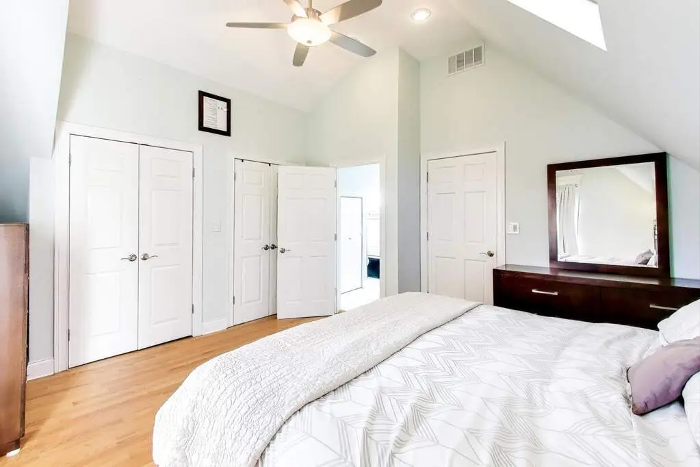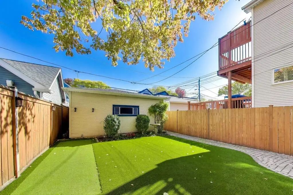 Stunning North Center home in the coveted Coonley School District! Beautifully updated 5-bedroom, 4-bathroom residence blending classic craftsmanship with modern luxury. Situated on one of the area's most charming tree-lined blocks, this home features hardwood floors, rich natural woodwork, solid-core doors, and designer lighting throughout. The 2020 custom kitchen showcases high-end shaker cabinetry with integrated lighting, quartz countertops, a white glass tile backsplash, and premium appliances including a DCS range and Bosch dishwasher. Upstairs, vaulted ceilings highlight the spacious primary suite with Juliet balcony, skylight, and a nearly remodeled spa-like bath boasting Grohe fixtures, rain shower, jetted Neptune tub, dual sinks, and abundant natural light. The finished lower level offers a bright open layout, full laundry room, living area, bedroom, new full bathroom, and a convenient side entry. Enjoy a recently turfed backyard complete with putting green, large entertaining deck, and two-car garage. Experience the welcoming community vibe with popular neighborhood block parties. Steps to the Brown Line, Welles Park, Sulzer Library, Old Town School of Folk Music, restaurants, shops, and the Davis Theatre-this home has it all!
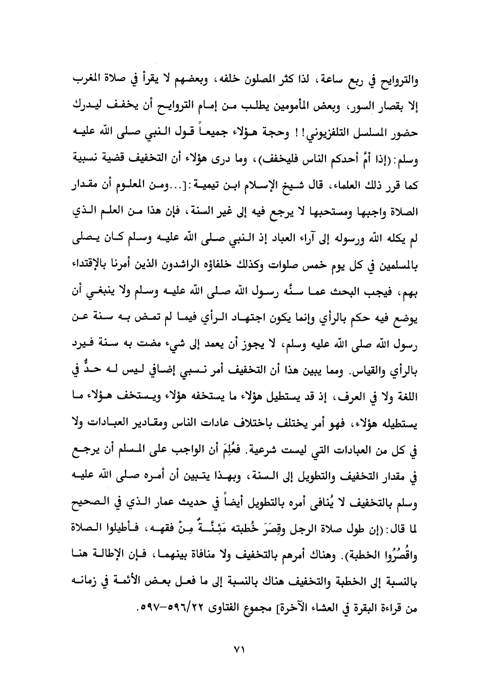 والتروايح في ربع ساعة، لذا كثر المصلون خلفه، وبعضهم لا يقرأ في صلاة المغرب إلا بقصار السور، وبعض المأمومين يطلب من إمام التروايح أن يخفف ليدرك حضور المسلسل التلفزيوني!! وحجة هؤلاء جميعاً قول النبي صلى الله عليه وسلم: (إذا أمَّ أحدكم الناس فليخفف)، وما درى هؤلاء أن
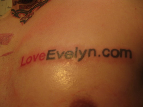 Enough about what I learned from tattoo advertising. I just had another tattoo advertisement done on Tuesday. This tattoo advertisement was for the website LoveEvelyn.com. I was supposed to get this tattoo advertisement a few weeks ago but my artist was booked up. LoveEvelyn.com is an awesome website if you are into porn. For those of you who have not heard of Evelyn Lin she is one of the hottest Asian porn stars out there. If you are into porn I definitely recommend this website.
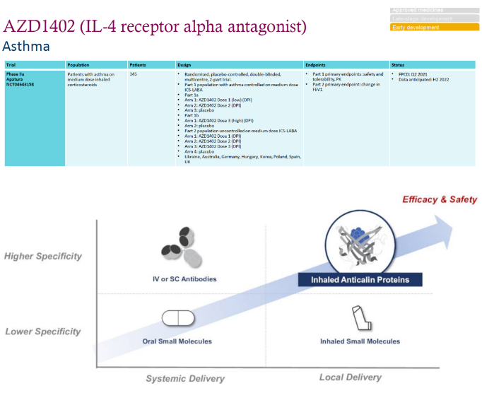 阿斯利康从Pieris引进的AZD1402为一款类抗体anticalin分子,靶向IL-4R通路,顺利获得吸入给药治疗哮喘,现在处于二期临床阶段。
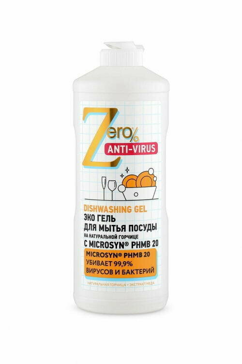 Купить Zero Гель для мытья посуды Anti-virus, на натуральной горчице, 500 мл
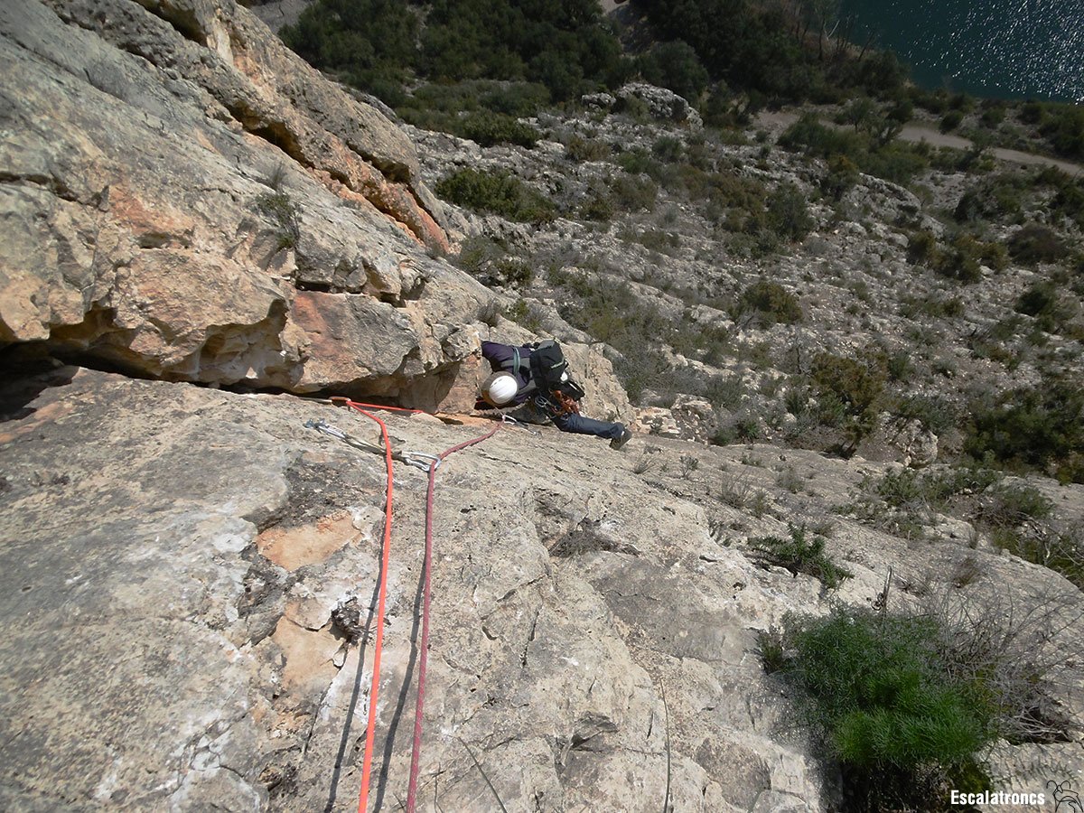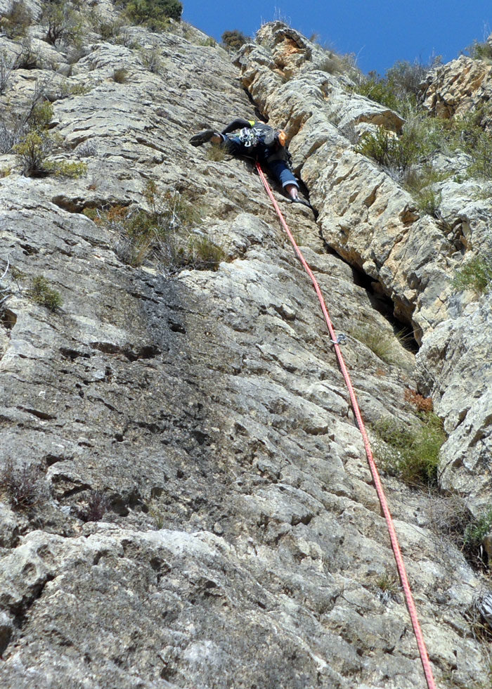 La primera té un parell de passos d’Ae per superar un extraplom, la tercera ressegueix un parell de diedres ben divertits, amb passos elegants i roca sanejada. I la cinquena és la cirereta del pastís, un altre diedre amb cantell més que generós, per gaudir de baix a dalt.
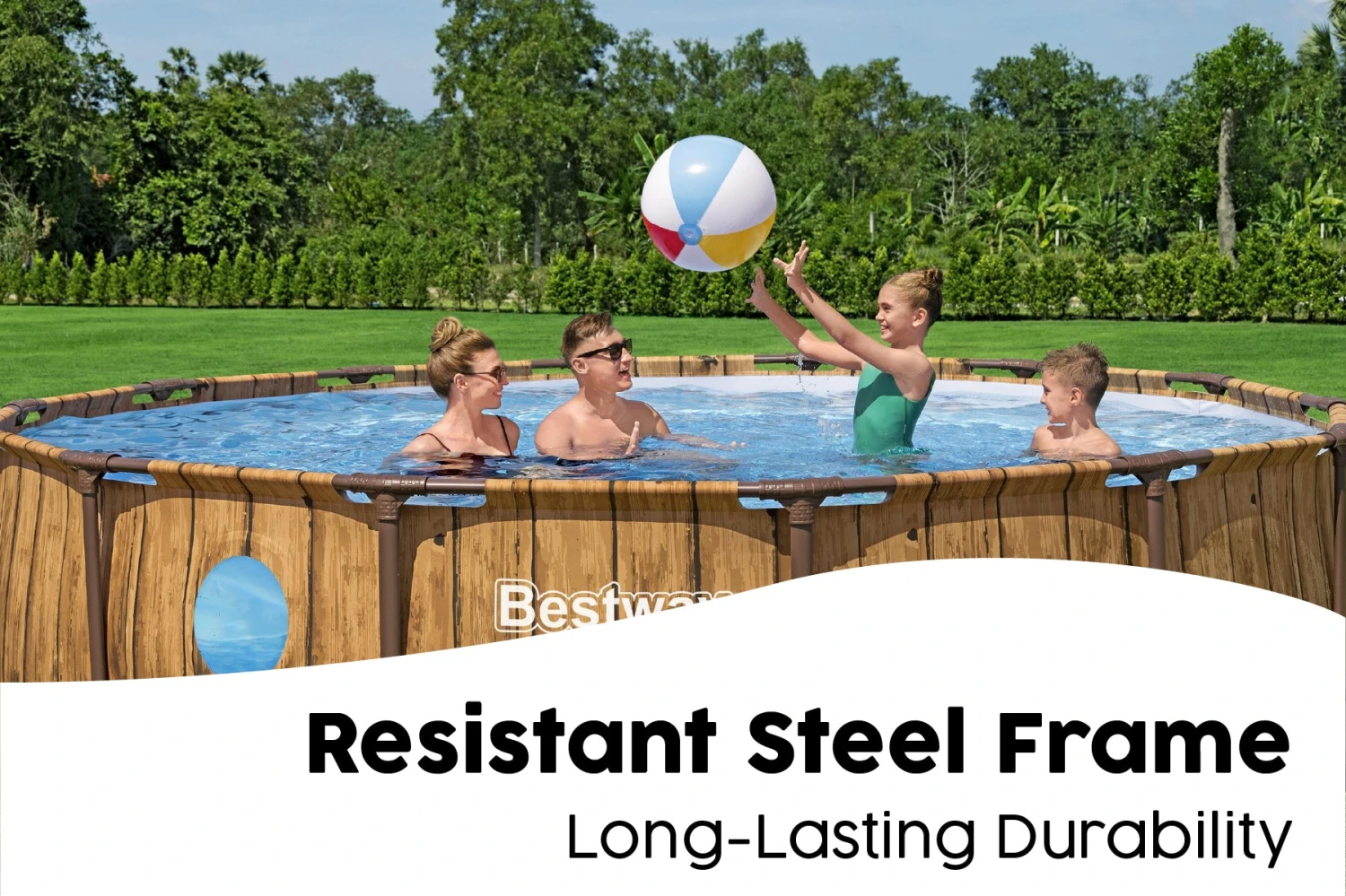 The durable pool frame is constructed with superior corrosion-resistant steel to ensure stability and longevity. The ClickConnect™ joints make setting up the family pool a total breeze, with no additional tools or accessories needed. The frame connectors also prevent metal-on-metal contact to ensure rust resistance.
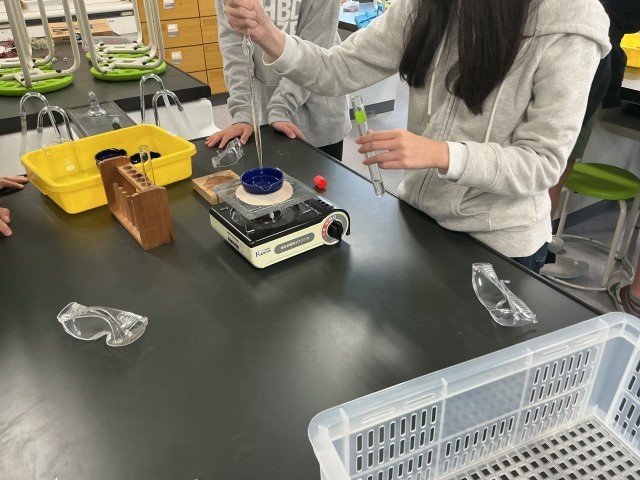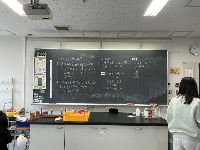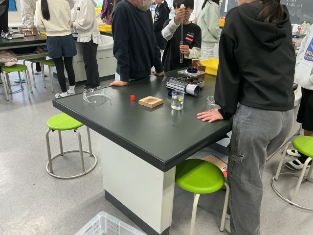 6年生は、金属を溶かした塩酸を熱するとどうなるのか調べました。いろいろな水溶液の特徴を学びます。
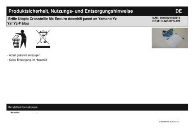 | Titel: | Brille Utopia Crossbrille Mx Enduro downhill passt an Yamaha Yz Yzf Yz-F blau |
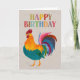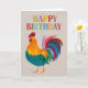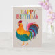 This delightful birthday card features a colorful rooster with fluffy, textured tail feathers. The background is a watercolor grunge cream, and the text in bold, bright patterned letters reads, “Happy Birthday.”
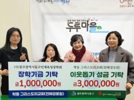 광주 동구 학동은 천혜경로원(학동그리스도의교회)으로부터 어려운 이웃을 위한 후원금 3백만 원과 인재 육성 장학금 1백만 원 총 4백만 원을 기탁받았다고 밝혔다.천혜경로원은 지난 2010년부터 어려운 이
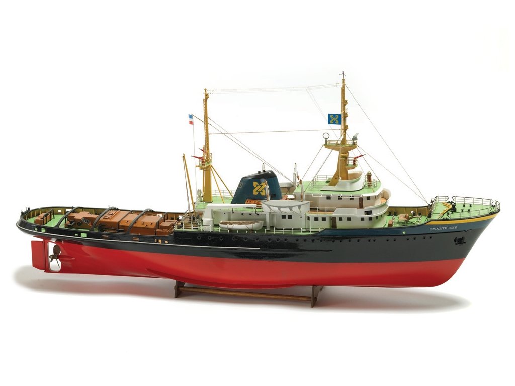 Velký holandský oceánský remorkér Zwarte Zee byl spuštěn na vodu v roce 1963. Má velmi zajímavý pohon – dva turbo diesely MAN o 9000 HP mohou díky důmyslně konstruovaným převodovkám a spojkám společně hnát loď rychlostí až 18 uzlů. Ale v situaci vyžadující vysokou manévrovací schopnost může jeden sloužit pro chod vpřed a druhý pro chod vzad, přičemž přepínání je prakticky okamžité. Stavebnice v měřítku 1:90 je určena pro mírně pokročilé lodní stavitele.
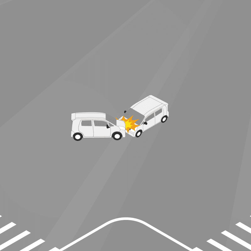 ・イラストに使用している各要素(車、背景、車、天候、信号、衝突地点など)は、代表的なイメージをイラスト化しており、色や形状等含め現実の事故の状況とは異なります。あくまで、事故のイメージとして参考までにご活用ください。
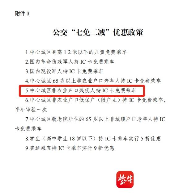 扬子晚报/紫牛新闻记者查询发现,2024年,内江市有关部门发布的《内江市中心城区城市公共交通运营补贴管理办法》提到,公交针对部分人群实行“七免二减”优惠政策,其中明确“中心城区非农业户口残疾人持IC卡免费乘车”。
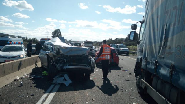 פראמדיק מד"א עדנאן אבו רומי, סיפר: "הייתה המולה גדולה כשהגענו למקום. ראינו שמדובר בתאונה קשה מאוד בין משאית ומספר גדול של כלי רכב פרטיים. גבר כבן 70 שנלכד במושב האחורי באחד מכלי הרכב, היה ללא סימני חיים ולאחר שחולץ נאלצנו לקבוע את מותו. 14 פצועים נוספים שהתהלכו במקום נפצעו באורח קל ובינוני ופונו לבתי החולים תוך מתן טיפול רפואי."

What the task requires: Please return the entries above exactly as they appear, but without the pictures.

Final answer:
 Stunning North Center home in the coveted Coonley School District! Beautifully updated 5-bedroom, 4-bathroom residence blending classic craftsmanship with modern luxury. Situated on one of the area's most charming tree-lined blocks, this home features hardwood floors, rich natural woodwork, solid-core doors, and designer lighting throughout. The 2020 custom kitchen showcases high-end shaker cabinetry with integrated lighting, quartz countertops, a white glass tile backsplash, and premium appliances including a DCS range and Bosch dishwasher. Upstairs, vaulted ceilings highlight the spacious primary suite with Juliet balcony, skylight, and a nearly remodeled spa-like bath boasting Grohe fixtures, rain shower, jetted Neptune tub, dual sinks, and abundant natural light. The finished lower level offers a bright open layout, full laundry room, living area, bedroom, new full bathroom, and a convenient side entry. Enjoy a recently turfed backyard complete with putting green, large entertaining deck, and two-car garage. Experience the welcoming community vibe with popular neighborhood block parties. Steps to the Brown Line, Welles Park, Sulzer Library, Old Town School of Folk Music, restaurants, shops, and the Davis Theatre-this home has it all!
 والتروايح في ربع ساعة، لذا كثر المصلون خلفه، وبعضهم لا يقرأ في صلاة المغرب إلا بقصار السور، وبعض المأمومين يطلب من إمام التروايح أن يخفف ليدرك حضور المسلسل التلفزيوني!! وحجة هؤلاء جميعاً قول النبي صلى الله عليه وسلم: (إذا أمَّ أحدكم الناس فليخفف)، وما درى هؤلاء أن
 Enough about what I learned from tattoo advertising. I just had another tattoo advertisement done on Tuesday. This tattoo advertisement was for the website LoveEvelyn.com. I was supposed to get this tattoo advertisement a few weeks ago but my artist was booked up. LoveEvelyn.com is an awesome website if you are into porn. For those of you who have not heard of Evelyn Lin she is one of the hottest Asian porn stars out there. If you are into porn I definitely recommend this website.
 阿斯利康从Pieris引进的AZD1402为一款类抗体anticalin分子,靶向IL-4R通路,顺利获得吸入给药治疗哮喘,现在处于二期临床阶段。
 Купить Zero Гель для мытья посуды Anti-virus, на натуральной горчице, 500 мл
 La primera té un parell de passos d’Ae per superar un extraplom, la tercera ressegueix un parell de diedres ben divertits, amb passos elegants i roca sanejada. I la cinquena és la cirereta del pastís, un altre diedre amb cantell més que generós, per gaudir de baix a dalt.
 The durable pool frame is constructed with superior corrosion-resistant steel to ensure stability and longevity. The ClickConnect™ joints make setting up the family pool a total breeze, with no additional tools or accessories needed. The frame connectors also prevent metal-on-metal contact to ensure rust resistance.
 6年生は、金属を溶かした塩酸を熱するとどうなるのか調べました。いろいろな水溶液の特徴を学びます。
 | Titel: | Brille Utopia Crossbrille Mx Enduro downhill passt an Yamaha Yz Yzf Yz-F blau |
 This delightful birthday card features a colorful rooster with fluffy, textured tail feathers. The background is a watercolor grunge cream, and the text in bold, bright patterned letters reads, “Happy Birthday.”
 광주 동구 학동은 천혜경로원(학동그리스도의교회)으로부터 어려운 이웃을 위한 후원금 3백만 원과 인재 육성 장학금 1백만 원 총 4백만 원을 기탁받았다고 밝혔다.천혜경로원은 지난 2010년부터 어려운 이
 Velký holandský oceánský remorkér Zwarte Zee byl spuštěn na vodu v roce 1963. Má velmi zajímavý pohon – dva turbo diesely MAN o 9000 HP mohou díky důmyslně konstruovaným převodovkám a spojkám společně hnát loď rychlostí až 18 uzlů. Ale v situaci vyžadující vysokou manévrovací schopnost může jeden sloužit pro chod vpřed a druhý pro chod vzad, přičemž přepínání je prakticky okamžité. Stavebnice v měřítku 1:90 je určena pro mírně pokročilé lodní stavitele.
 ・イラストに使用している各要素(車、背景、車、天候、信号、衝突地点など)は、代表的なイメージをイラスト化しており、色や形状等含め現実の事故の状況とは異なります。あくまで、事故のイメージとして参考までにご活用ください。
 扬子晚报/紫牛新闻记者查询发现,2024年,内江市有关部门发布的《内江市中心城区城市公共交通运营补贴管理办法》提到,公交针对部分人群实行“七免二减”优惠政策,其中明确“中心城区非农业户口残疾人持IC卡免费乘车”。
 פראמדיק מד"א עדנאן אבו רומי, סיפר: "הייתה המולה גדולה כשהגענו למקום. ראינו שמדובר בתאונה קשה מאוד בין משאית ומספר גדול של כלי רכב פרטיים. גבר כבן 70 שנלכד במושב האחורי באחד מכלי הרכב, היה ללא סימני חיים ולאחר שחולץ נאלצנו לקבוע את מותו. 14 פצועים נוספים שהתהלכו במקום נפצעו באורח קל ובינוני ופונו לבתי החולים תוך מתן טיפול רפואי."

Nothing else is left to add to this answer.